First, let’s be clear that those are two different things (I’ve posted about this distinction before here and here.)
Money and luxuries increase life satisfaction but don’t do much for happy feelings.
Happy feelings are associated with “the fulfillment of psychological needs: learning, autonomy, using one’s skills, respect, and the ability to count on others in an emergency.”

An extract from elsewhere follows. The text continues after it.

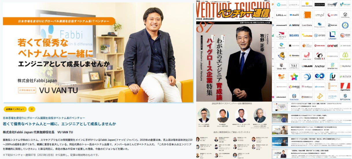 株式会社Fabbi Japanはこの度、2023年度ベストベンチャー100に選出されました。

The Gallup World Poll, the first representative sample of planet Earth, was used to explore the reasons why happiness is associated with higher income, including the meeting of basic needs, fulfillment of psychological needs, increasing satisfaction with one’s standard of living, and public goods. Across the globe, the association of log income with subjective well-being was linear but convex with raw income, indicating the declining marginal effects of income on subjective well-being. Income was a moderately strong predictor of life evaluation but a much weaker predictor of positive and negative feelings. Possessing luxury conveniences and satisfaction with standard of living were also strong predictors of life evaluation. Although the meeting of basic and psychological needs mediated the effects of income on life evaluation to some degree, the strongest mediation was provided by standard of living and ownership of conveniences. In contrast, feelings were most associated with the fulfillment of psychological needs: learning, autonomy, using one’s skills, respect, and the ability to count on others in an emergency. Thus, two separate types of prosperity-economic and social psychological-best predict different types of well-being.